* MATERIAL FOR THE TASK:
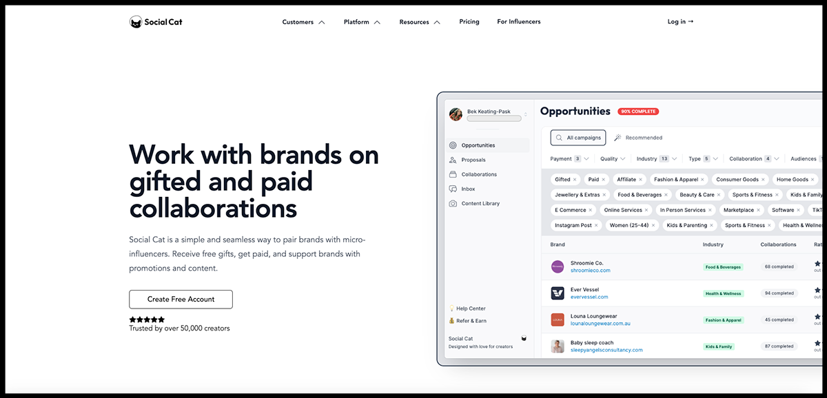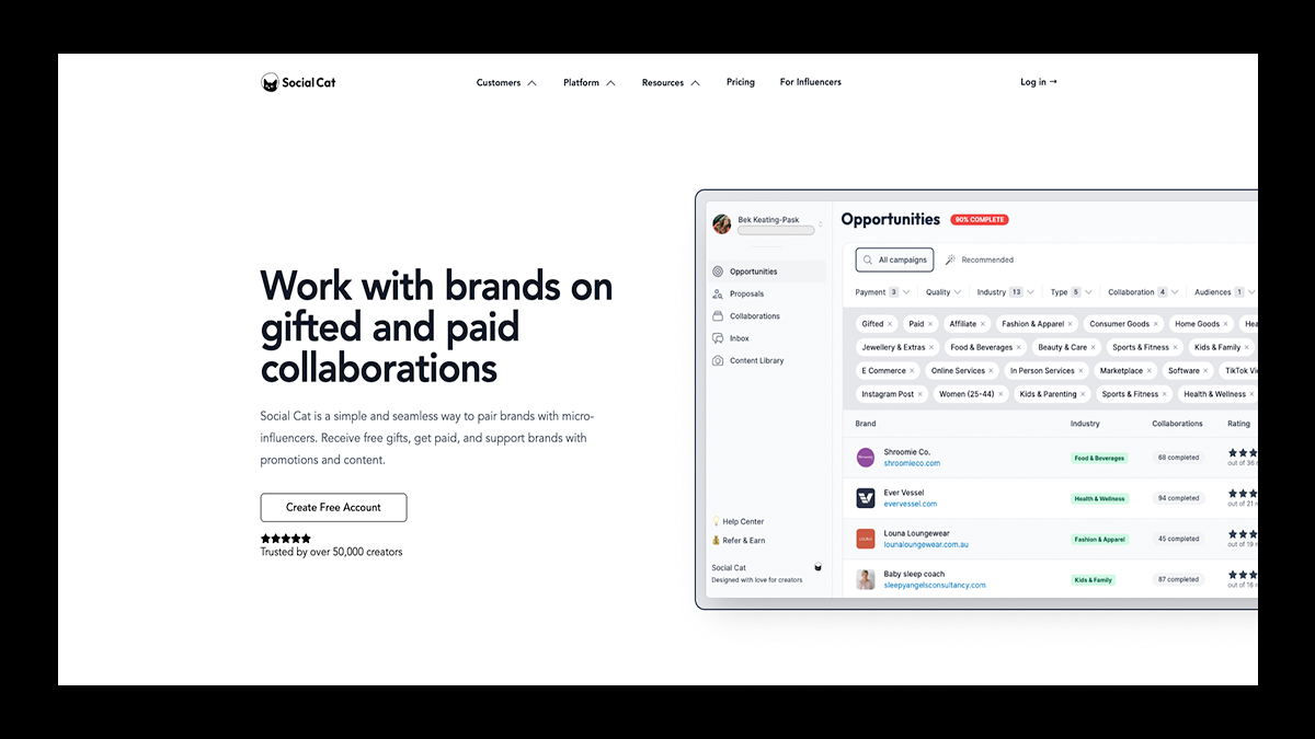 If you're a micro-influencer seeking authentic, no-drama brand deals, Social Cat makes it ridiculously easy to connect with startups and small businesses eager to collaborate.
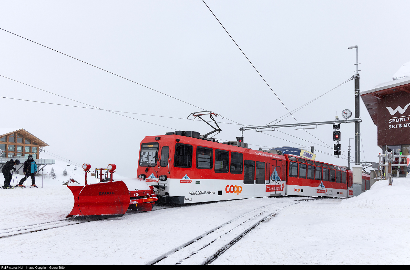 Train 438 of the line CC64 of the 80 centimeter gauge Wengernalpbahn is leaving Kleine Scheidegg to Grindelwald, with lowfloor panorama trains Bhe 4/8 # 141 (in the Coop Pro Montagna paint scheme) and not visible # 142 in multiple control. In the rear is the track plow X # 704, built by Zaugg in 1995. On such days, on the Grindelwald as well as on the Lauterbrunnen side, one of the circulating trains have such a track plow in use.
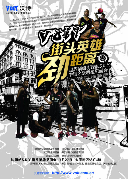 7月27日,沃特“街頭英雄”勁距離——世界頂級街球隊S.K.Y.中國之旅明星見面會將抵達沈陽,籃球界的JAMES、WADE、BOSH即將空降沈陽!在沈陽現場,8名S.K.Y.球星除了展示自己的精湛球藝,還將進行現場簽售并與球迷互動。
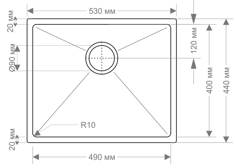 i Расстояние от дна до верхней кромки чаши мойки. Оптимальная глубина — 15-18 см. Чем глубже мойка, тем меньше брызг попадет наружу.
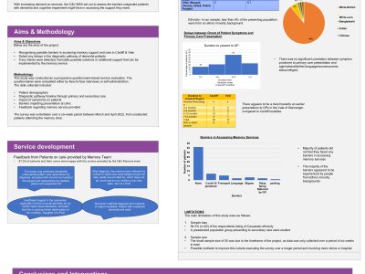 Introduction: With the anticipated rise in the annual number of dementia cases in Cardiff and the Vale of Glamorgan (C&V), improvements in dementia diagnosis rates are essential. However, barriers to accessing support still exist, precipitating delays in diagnosis and establishing appropriate interventions. This article aims to highlight potential barriers patients attending the C&V Memory Assessment Service (MAS) may face, as well as ascertain possible delays within diagnostic pathways of cognitively impaired patients. Methodology: Demographic and primary data analysis was undertaken using a
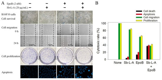 The potential synergistic cytotoxic effects of EpoB with Sb-L-A. (A) Incubation of B16F10 cells with EpoB and Sb-L-A. Sb-L-A (20 μg/mL) and EpoB (2 nM) were co-used to investigate the cytotoxic effects on cell survival, migration, proliferation, and apoptosis. (B) The collective data suggested potential synergistic cytotoxic effects because the co-treatment of Sb-L-A with EpoB could cause more deaths of the cancer cells, further inhibit the migration and proliferation, and produce more DNA fragmentations in B16F10 cells.
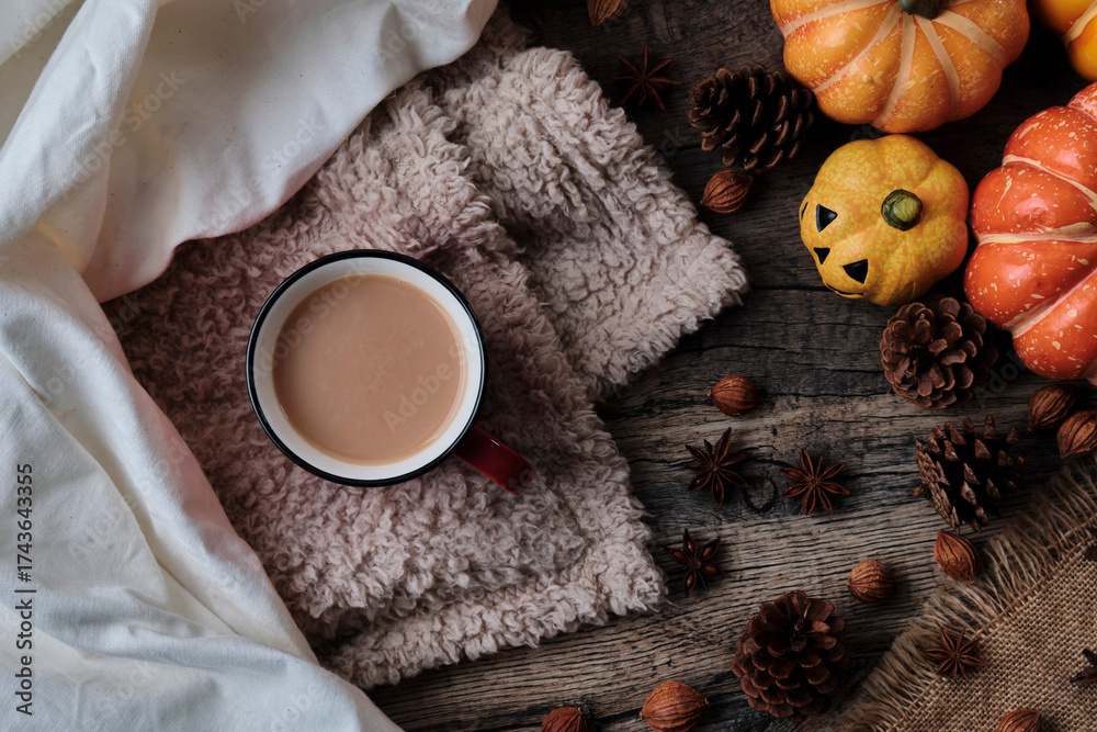 Chai Tea Latte and Halloween Decorations
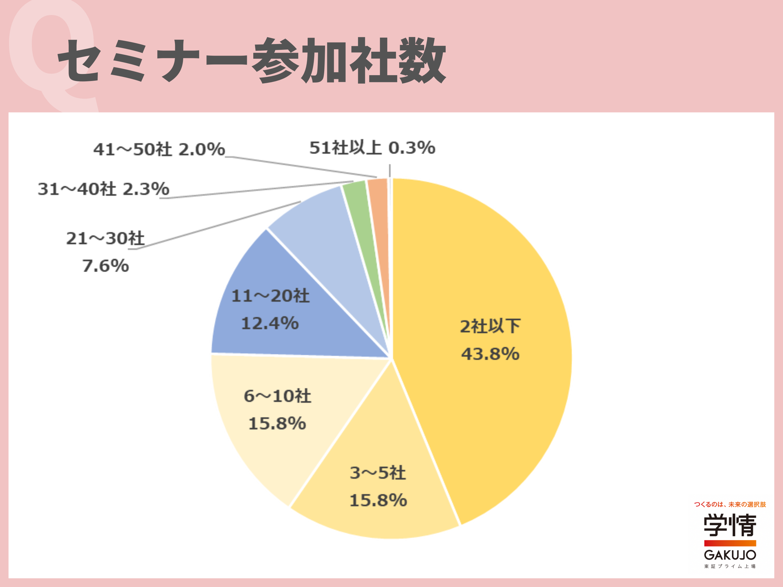 (2)セミナー参加社数「10社以下」の回答が75.4%
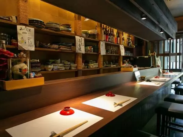 仕事帰りにふらりと立ち寄り、ひとり飲みしたくなる、落ち着いた雰囲気のカウンター席
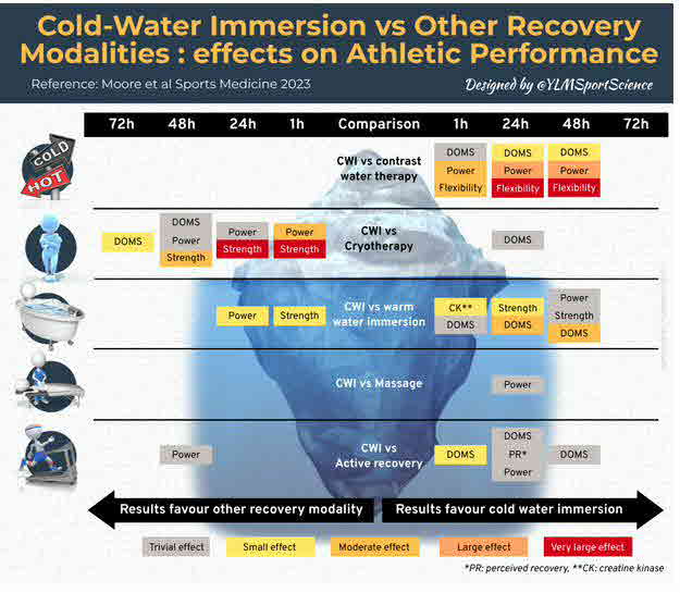 This systematic review with meta-analysis and meta-regression compared the effects of cold-water immersion (CWI) against other common recovery modalities on recovery of athletic performance, perceptual outcomes, and creatine kinase (CK) following acute strenuous exercise in physically active populations.
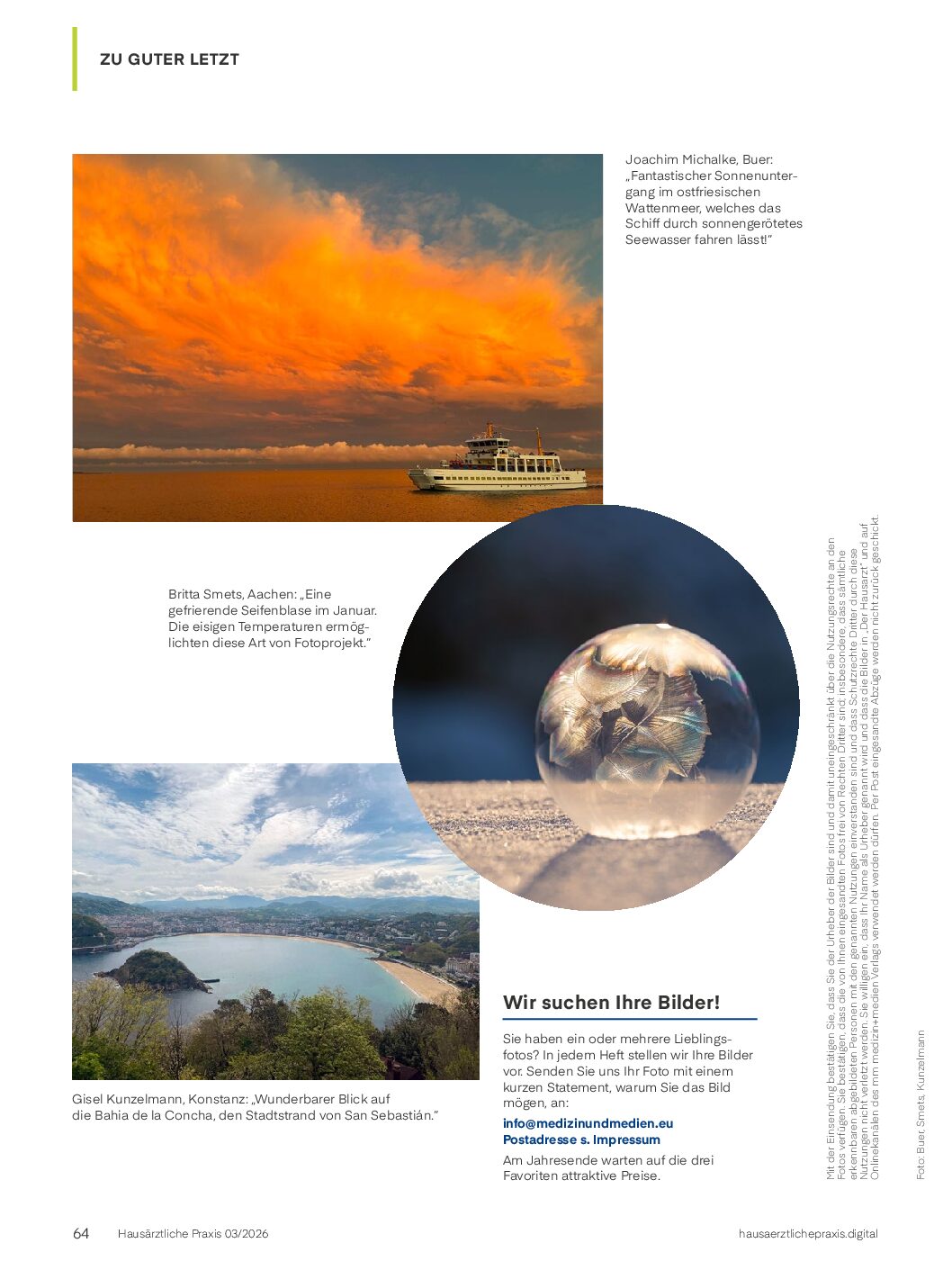 Sie haben ein oder mehrere Lieblingsfotos? In jedem Heft stellen wir Ihre Bilder vor. Am Jahresende warten auf die drei Favoriten attraktive Preise.
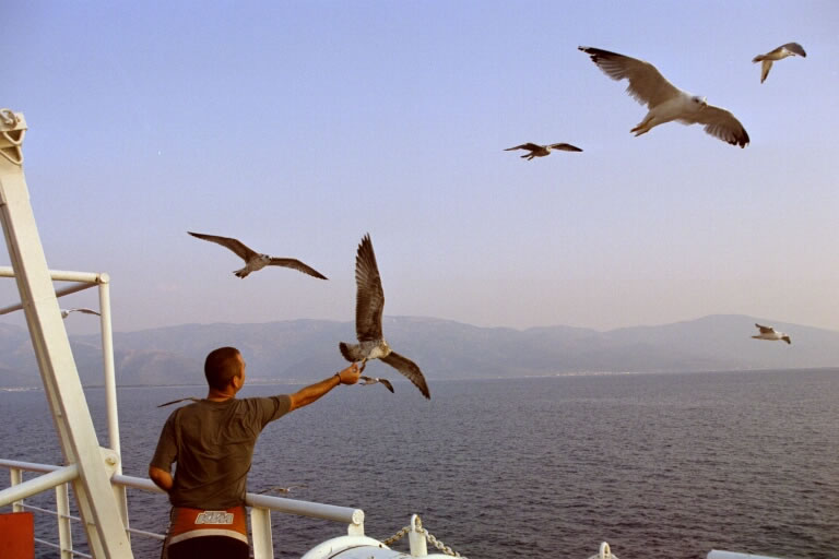 Rückfahrt mit der letzten Fähre von Thassos nach "Neos Paramos". Von unserem Zwipf hatten wir reichlich wenig.

* ASSIGNED TASK:
Pictures are to be left out when the entries above are repeated exactly.

* RESPONSE TO THIS TASK:
 If you're a micro-influencer seeking authentic, no-drama brand deals, Social Cat makes it ridiculously easy to connect with startups and small businesses eager to collaborate.
 Train 438 of the line CC64 of the 80 centimeter gauge Wengernalpbahn is leaving Kleine Scheidegg to Grindelwald, with lowfloor panorama trains Bhe 4/8 # 141 (in the Coop Pro Montagna paint scheme) and not visible # 142 in multiple control. In the rear is the track plow X # 704, built by Zaugg in 1995. On such days, on the Grindelwald as well as on the Lauterbrunnen side, one of the circulating trains have such a track plow in use.
 7月27日,沃特“街頭英雄”勁距離——世界頂級街球隊S.K.Y.中國之旅明星見面會將抵達沈陽,籃球界的JAMES、WADE、BOSH即將空降沈陽!在沈陽現場,8名S.K.Y.球星除了展示自己的精湛球藝,還將進行現場簽售并與球迷互動。
 i Расстояние от дна до верхней кромки чаши мойки. Оптимальная глубина — 15-18 см. Чем глубже мойка, тем меньше брызг попадет наружу.
 Introduction: With the anticipated rise in the annual number of dementia cases in Cardiff and the Vale of Glamorgan (C&V), improvements in dementia diagnosis rates are essential. However, barriers to accessing support still exist, precipitating delays in diagnosis and establishing appropriate interventions. This article aims to highlight potential barriers patients attending the C&V Memory Assessment Service (MAS) may face, as well as ascertain possible delays within diagnostic pathways of cognitively impaired patients. Methodology: Demographic and primary data analysis was undertaken using a
 The potential synergistic cytotoxic effects of EpoB with Sb-L-A. (A) Incubation of B16F10 cells with EpoB and Sb-L-A. Sb-L-A (20 μg/mL) and EpoB (2 nM) were co-used to investigate the cytotoxic effects on cell survival, migration, proliferation, and apoptosis. (B) The collective data suggested potential synergistic cytotoxic effects because the co-treatment of Sb-L-A with EpoB could cause more deaths of the cancer cells, further inhibit the migration and proliferation, and produce more DNA fragmentations in B16F10 cells.
 Chai Tea Latte and Halloween Decorations
 (2)セミナー参加社数「10社以下」の回答が75.4%
 仕事帰りにふらりと立ち寄り、ひとり飲みしたくなる、落ち着いた雰囲気のカウンター席
 This systematic review with meta-analysis and meta-regression compared the effects of cold-water immersion (CWI) against other common recovery modalities on recovery of athletic performance, perceptual outcomes, and creatine kinase (CK) following acute strenuous exercise in physically active populations.
 Sie haben ein oder mehrere Lieblingsfotos? In jedem Heft stellen wir Ihre Bilder vor. Am Jahresende warten auf die drei Favoriten attraktive Preise.
 Rückfahrt mit der letzten Fähre von Thassos nach "Neos Paramos". Von unserem Zwipf hatten wir reichlich wenig.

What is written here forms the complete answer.